The White House released a directive outlining new federal rules and initiatives that are intended to increase information sharing and strengthen information technology infrastructure.
The main concept of the policy is to ensure that any new or customized software that was “developed specifically by or for the Federal Government” must be made available for all federal agencies. (RELATED: Everything Online Is Connected, Now There’s A Growing Need For Cyber Insurance)
“This policy also establishes a pilot program that requires agencies, when commissioning new custom software, to release at least 20 percent of new custom-developed code as Open Source Software (OSS) for three years,” according to the official memorandum.

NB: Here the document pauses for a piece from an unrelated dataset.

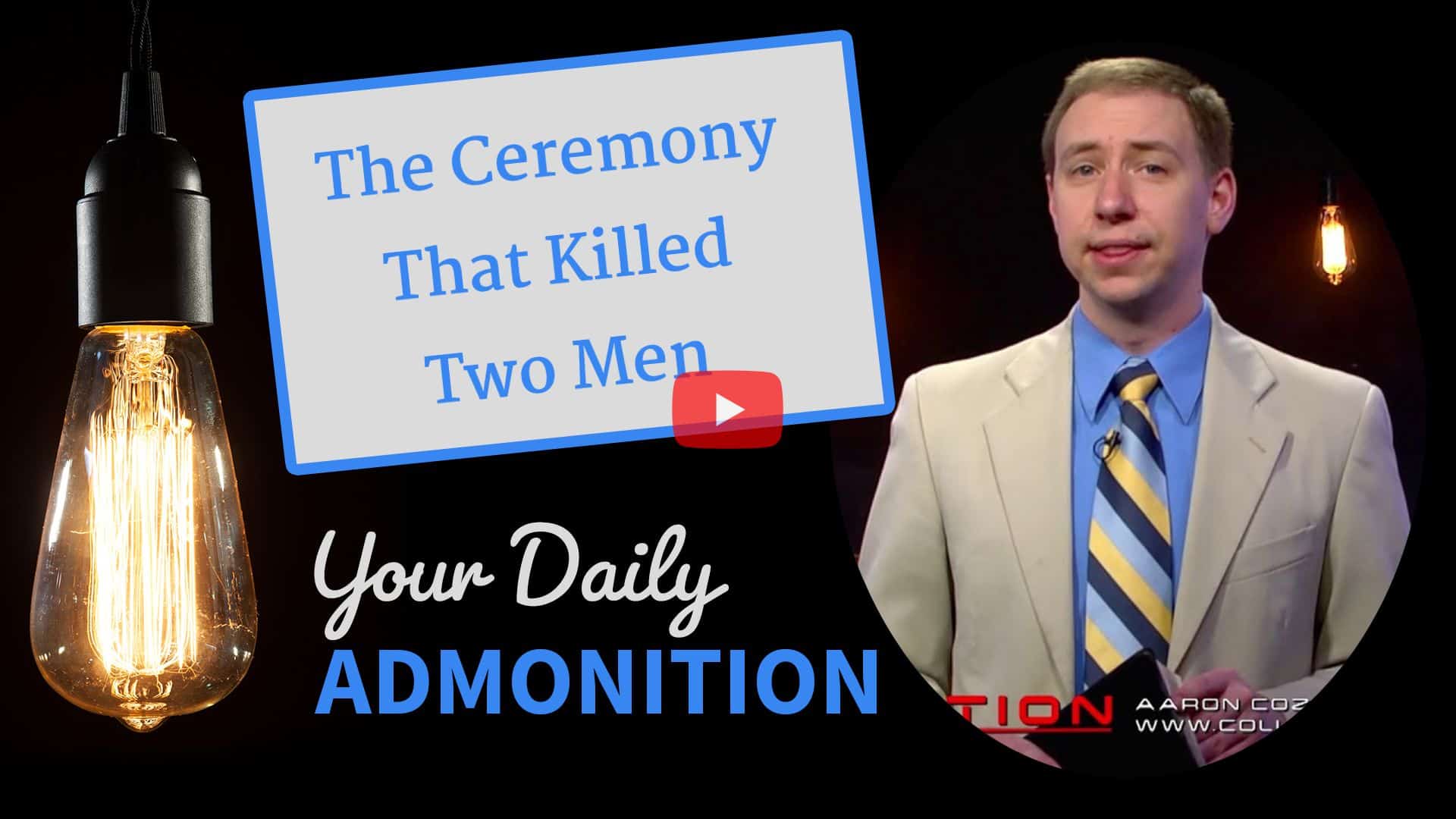 Two men were invited to take part in the ceremony. They were invited to take part in the beginning of a ceremony that that would set and alter the course of an entire nation. And they didn’t live through the experience. Aaron had two sons names Nadab, and Abihu. He had four… those two we’re talking about, Nadab and Abihu were priests of God. They were supposed to offer fire and incense upon the altar and they didn’t do it properly. And do you know why? If you read Leviticus chapter 10 very carefully, you’ll find out why… they were drunk. They didn’t know the difference between one fire and another, and they put the wrong fire on the altar and God took their lives. Don’t drink.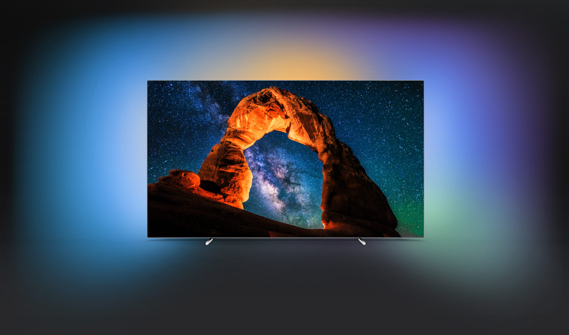 Philipsin televisioilla on ainutlaatuinen ominaisuus, jollaista ei muilta valmistajilta löydy. Puhumme tietysti Ambilight-valaistuksesta, joka valaisee television takana olevan seinän kaikilla sateenkaaren väreillä. Jotkut rakastavat sitä, toiset vihaavat. Meidän mielestämme se ehdottomasti lisää tunnelmaa ja tekee elokuvien katselusta silmille lempeämpää. Niinpä Ambilight toimii hyvin OLED-mallissa. Valaistuksen voi valita seuraamaan toimintaa dynaamisesti, rauhallisemmin tai vain antamaan staattista taustavaloa. Tämän vuoden uutuus on valaistuksen laajeneminen koko huoneeseen, jos käyttää tilassa värillisiä Ambilight Hue -polttimoita. Se tuo todella lisää romantiikkaa herkkiin elokuvailtoihin ja enemmän adrenaliinia toimintaleffoihin, urheiluun ja pelaamiseen.

The Office of Management and Budget will be the “guinea pig” for the two-year pilot program, according to Engadget.
The federal government and its many agencies have a bad reputation for not properly securing data and rarely establishing cybersecurity safeguards. The Office of Personnel Management and the Internal Revenue Service both have had highly hazardous data breaches, highlighting the need for increased cybersecurity efforts from the public sphere. (RELATED: America’s Security Problems Start With The TSA, But Certainly Don’t End There)
This initiative is another attempt by President Barack Obama and U.S. Chief Information Officer Tony Scott to increase transparency, while simultaneously increasing efficiency and cost savings. It remains to be seen if releasing 20 percent of the code is transparent enough, and if more bureaucratic correspondence will substantially increase savings and cybersecurity.
This directive is fairly similar to one the Obama administration announced a couple of months ago. Part of Obama’s Cybersecurity National Action Plan, the federal government set up a one-stop shop for its many institutions to purchase cybersecurity technology to bolster the country’s virtual infrastructure. (RELATED: Hundreds Of Organizations Worldwide Fail At Cybersecurity)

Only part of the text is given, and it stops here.